Minister for Finance Prof. Edward Scicluna welcomes the latest credit rating report issued by DBRS Ratings Limited which confirms Malta’s long-term foreign and local currency issuer ratings at A and the short-term foreign and local currency issuer ratings at R-1 (low). It also re-affirms a Stable trend on all ratings.
DBRS acknowledges the strong economic growth recorded in 2015 supported by domestic demand, which in turn is fuelled by robust increases in private consumption and investment. It acknowledges that the reductions in the personal income tax coupled with favourable labour market conditions supported private consumption, while investment was boosted by the large-scale investment projects such as the construction of the new gas power plant.
On the fiscal front, DBRS states, “Important improvements in fiscal management are in progress, after weak fiscal performances in the past” while, “Public expenditure overruns and weak internal controls have been common.” It positively notes: “Measures undertaken in line with the European Stability and Growth Pact have enhanced fiscal institutions, and the budget deficit has declined.” DBRS also notes how this Government strengthened the overall fiscal framework by adopting the Fiscal Responsibility Act. It further states that the restructuring of some of the State Owned Enterprises (SOEs) such as Enemalta and Airmalta has reduced risks to the public sector balance sheet.
DBRS acknowledges the pension reforms emanating from the 2016 Budget directed towards ensuring the sustainability of the public pension system although it welcomes further reforms in this area. Similarly, it acknowledges the major improvements from recent reforms efforts directed towards increasing labour market participation.

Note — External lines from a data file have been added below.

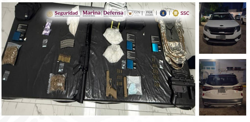A los detenidos, Carlos “N”, alias “El Cabezas” de 42 años, Ricardo “N” alias “El Frijol” de 36 años, Brayan “N” alias “Cuartito” de 28 años y José “N” de 31 años, se les aseguraron un vehículo, tres armas de diferentes calibres, 51 cartuchos útiles, cuatro básculas, 80 dosis de posible cristal, 50 gramos de pastillas que al parecer contenían fentanilo, tres bolsas de medio kilo de aparente cristal, y dos bolsas de probable marihuana con 165 gramos en total.
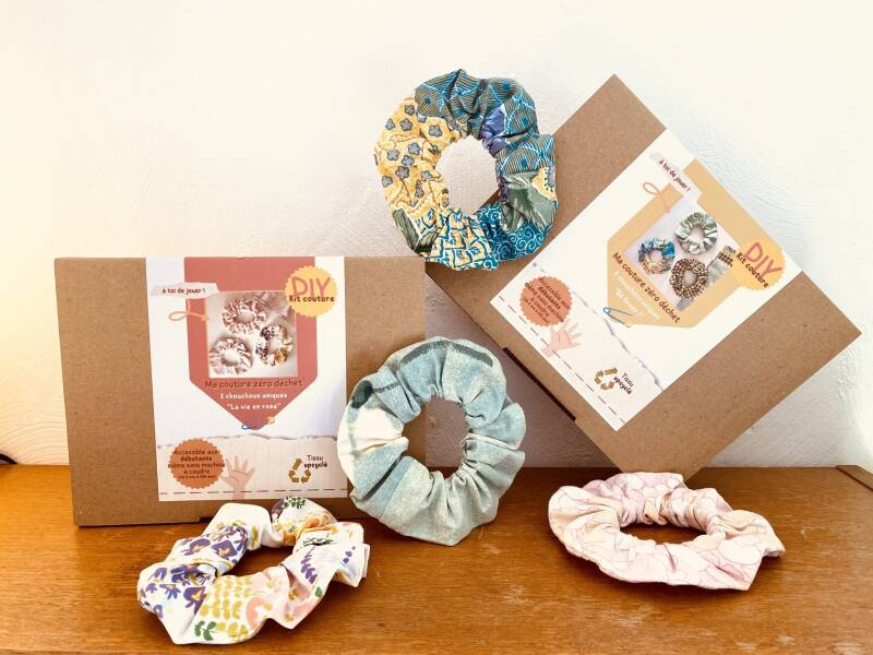 Et la démarche éco-responsable de Jérômine ne s'arrête pas là : les patrons sont conçus pour générer le moins de chutes possible, lesquelles sont réutilisées pour fabriquer des portes clefs ou des chouchous. Dans la boutique de Jérômine vous trouverez également des kits couture pour fabriquer 3 chouchous à partir de tissus upcyclés. Projet accessible aux débutants, petits et grands, et même sans machine à coudre ! Laura coud également de jolies jupes en viscose éco vero, plus éco-responsable que la viscose classique.
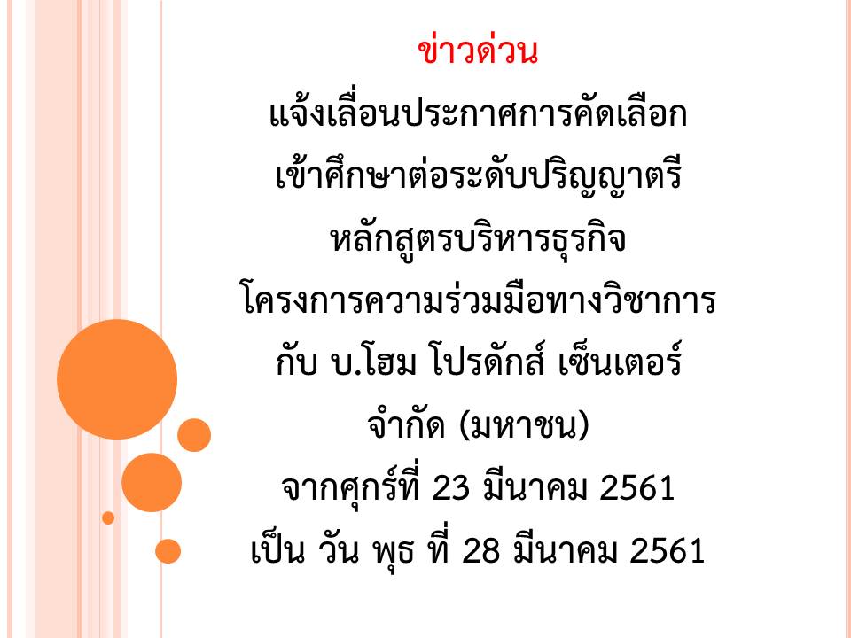 เลื่อนประกาศการคัดเลือก โครงการการร่วมมือทางวิชาการกับบริษัท โฮม โปรดักส์ เซ็นเตอร์ จำกัด (มหาชน)
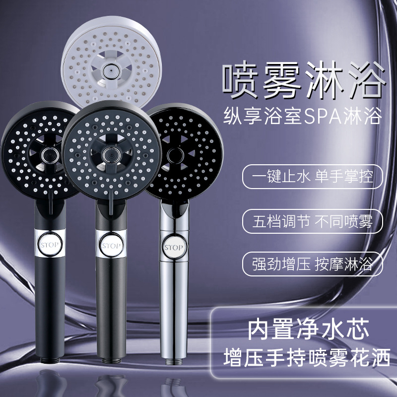 Душ с наддувом с наддувом черной пятиступенчатая насадка для душа портативная головка для душа мощный душ с черным воином с наддувом
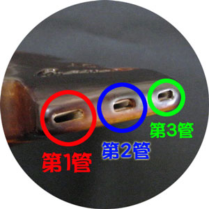吹き方は第1管から第2管に切り替えるのと同じように真ん中の第2管から右の第3管に切り替えます♪
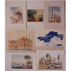 VARIOUS, seven, each a watercolor on paper, signed, some possibly Greek, various sizes from 6 x 7 1/2" to 10 x 13", some with foxing speckles, some mounted to card. (7) STARTING BID $20. ESTIMATE $20 TO $1000
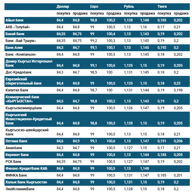 Курс доллара в коммерческих банках Кыргызстана на 21 июля
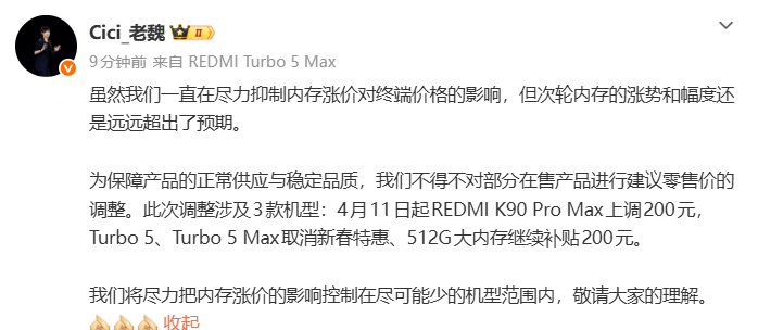 4月3日,小米中国区市场部总经理魏思琪发文表示,为保障产品的正常供应与稳定品质,将对在售产品进行建议零售价的调整。此次调整涉及3款机型:4月11日起REDMI K90 Pro Max上调200元,Turbo 5、Turbo 5 Max取消新春特惠、512G大内存继续补贴200元。
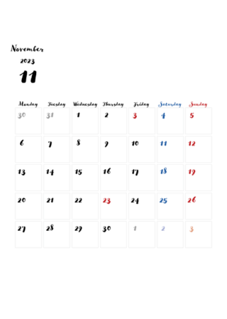 2024年11月のカレンダーを無料でダウンロードできます。
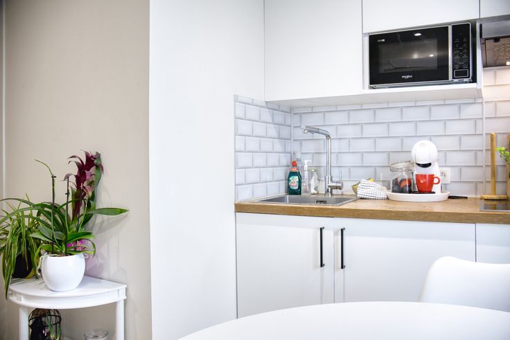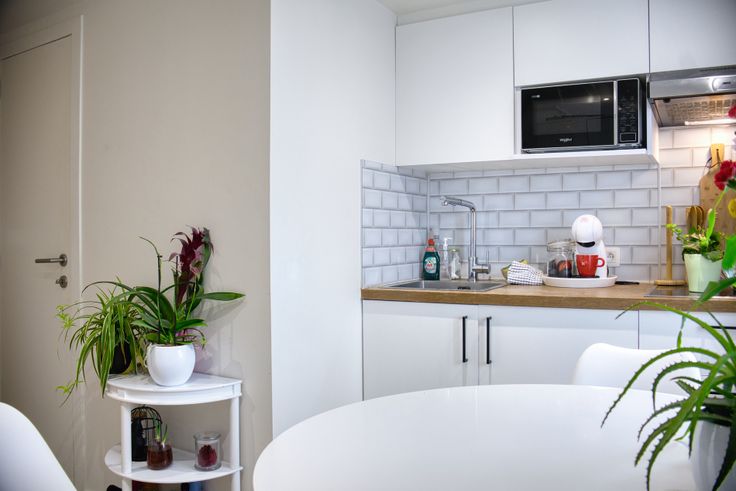 De keuken beschikt over een ingebouwde energiezuinige koelkast en een microgolfoven.
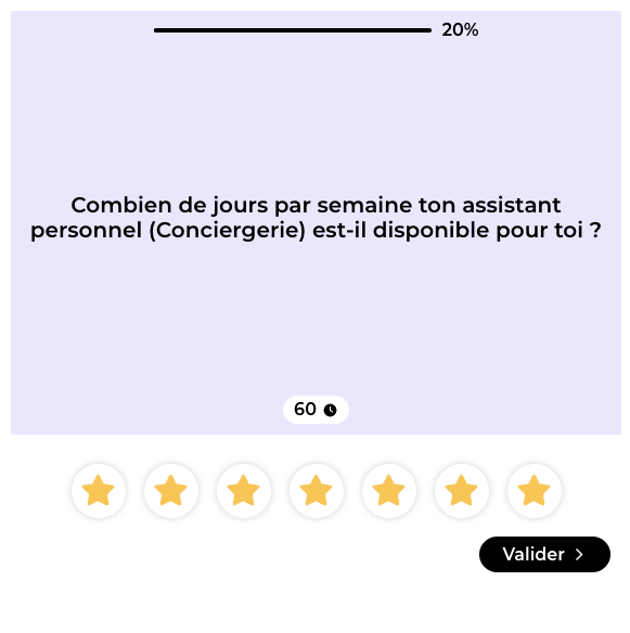 Utilisez un système d’étoiles pour transformer votre quiz en outil de sondage interactif. Ce mode vous permet de mesurer instantanément l’attrait pour un produit, la satisfaction après une vidéo ou l’intérêt pour une thématique, tout en restant dans une dynamique de jeu.
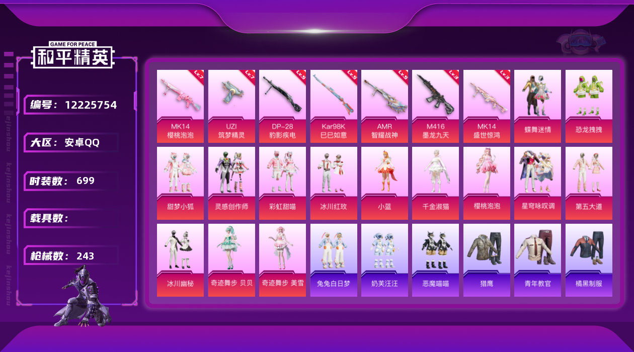 [12225754]14粉装 7特效枪 14印记 可二次 可修改实名 优质装备:蝶舞迷情,UZI筑梦精灵,七级UZI-筑梦精灵,M416墨龙九天,千金淑猫,MK14-盛世惊鸿,樱桃泡泡,MK14-樱桃泡泡,七级MK14-樱桃泡泡,AMR-智耀战神,星穹咏叹调,奇迹舞步-贝贝,奇迹舞步-美雪,Kar98K-巳巳如意 热门装扮:恐龙拽拽,甜梦小狐,灵感创作师,彩虹甜喵,冰川红玫,冰川幽秘,第五大道,小蓝,兔兔白日梦,奶芙汪汪,恶魔喵喵 稀有枪皮:DP-28-豹影疾电 五级特效枪:五级Kar98K-巳巳如意,五级DP-28-豹影疾电,五级AMR-智耀战神 三级特效枪:三级M416-墨龙九天,三级MK14-盛世惊鸿 紫色装扮:田园牧歌,轻风白浪,和煦暖阳,SS22特训,白啸长虹,SS23特训,幻彩翩翩,妙红点点,龙舌兰冰茶,白兰地假日,娇憨猪猪,梦幻奶油,萌趣咩咩,SS21特训,极光玫瑰,SS31特训套装,人气偶像,冰川特警,冷焰舞者,霓虹热舞,旭日情侣,SS30特训套装,云朵鹅,雪绒豹,SS33特训套装,青涩时光,顶瓜瓜,SS20特训,SS16特训,猎梦纪元,飞驰魅影,音速流光,SS19特训,军刀雅典娜,豚鼠丹丹,吉莉礼服,甜心亚梦,虚音幻奏,电音精灵,SS17特训,SS18特训,水晶王族,智慧隐士,都市魅力,酒红色名流,酷潮明星,长空猛禽,霓虹街区,青年教官,缤纷果语,耀眼新星,荣耀,荧惑魅影,蓝彩潮人,蓝色运动,虎虎生威吉莉,街头潮人,蓝海鲸歌,飞行日记,魅力单车,鹤鸣,麻辣教官,黄色伏地魔,黄色名流,黄色运动,黑色伏地魔,龟仙人,冰河战士,龙魂突击队,蝶变,香桃花海,极速红龙,柠萌假日,橘黑制服,海岛探路者,涂山之恋,深蓝色名流,滨海假日,幻影武者,完美偶像,帅气教官,幻世战舞者,怒火燎原,战地督导,探宝勇士,湖蓝色名流,滨海厨神,绮丽涂鸦,疯狂小兔子,白熊同盟,白色伏地魔,破晓战魂,破蛋小黄鸡,福星高照,空岛之星,竞技达人朋克,红色运动,王牌教练,牛气冲天,灼焰舞者,炫蓝之夏,热血青春,牛气满满,猛禽,猎鹰,小熊娃娃,雏菊兔兔,萝兰蝴蝶,SS29特训,星途旅人,创世·幻影,白光莹,纯真浪花,热情海星,曼妙人鱼,SS28特训,卖崽青蛙,迎夏光舞,红潮炫舞,异域银装,鱼渊荷华,玉兔迎春,燕燕于飞,巳巳如意,青团波波,糖糖葫芦,棉花软糖,竞技名士,街头风暴,许七安,裁决天象,深海梦境,惊
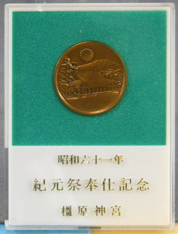 - ★ 橿原神宮 記念メダル 紀元祭奉仕記念 昭和61年
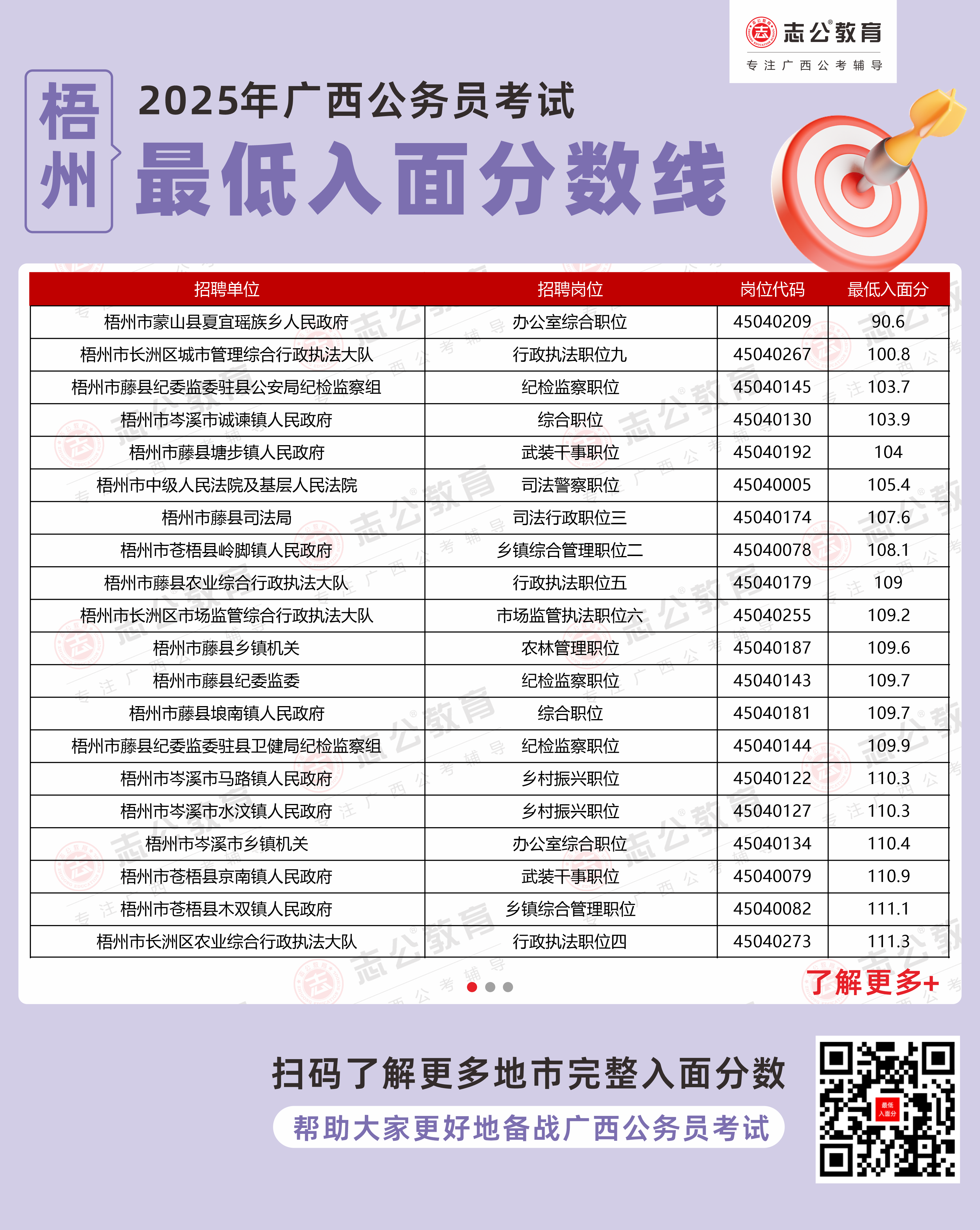 以下為志公教育根據(jù)官方發(fā)布的面試資格審查公告及公開數(shù)據(jù)整理的梧州市部分單位的進面最低筆試分數(shù)(含照顧加分),數(shù)據(jù)僅供參考,具體以官方實際公布為準。
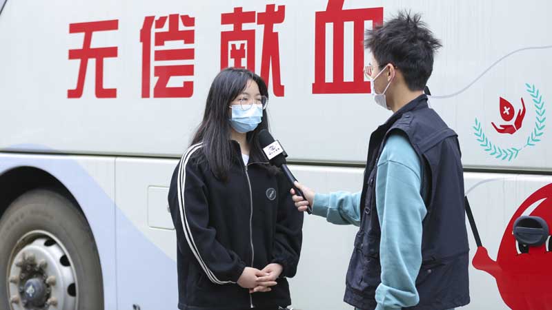 活动现场,记者采访了前来参与活动的同学。建筑工程学院工程管理专业4班彭初勇同学说:“献血是一件非常光荣的事,因为可以帮助到有需要的人,我第一次献血非常激动和开心,这是我第一次献血,但是不会是最后一次。”此外还采访了大学生同心园的志愿者、健康学院康复治疗1班的陈海燕同学,她说:“无偿献血可以帮助别人,锻炼自己,是一件非常有意义的事情,虽然我们不会操作那些采血仪器,但是我们可以以志愿者的身份来减轻医护人员的负担。”
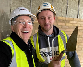 - CONTRIBUTED PHOTO — Carter, left, poses for a photo with a bricklayer holding a MARSHALLTOWN trowel during a trip to England.
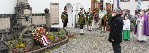 Mit einer Kranzniederlegung anlässlich des Volkstrauertags gedachten zahlreiche Flintsbacher Bürger und Vereine an die Opfer von Krieg, Gewalt und Vertreibung. Hier Flintsbachs Erster Bürgermeister Stefan Lederwascher im stillen Gedenken.

On competitiveness factors, DBRS comments that unit labour costs fell in 2015 after growing above average since 2007, while real output growth per person has been improving, after weak growth over the past decade.
DBRS also comments positively on Malta’s external position which it remarks reflects the current account surplus and a relatively large positive net international investment position.
Minister for Finance Prof Edward Scicluna remarks: “It is quite encouraging to note that another independent renowned credit rating agency is acknowledging the policy efforts by this Government directed towards ensuring economic and public finance sustainability.”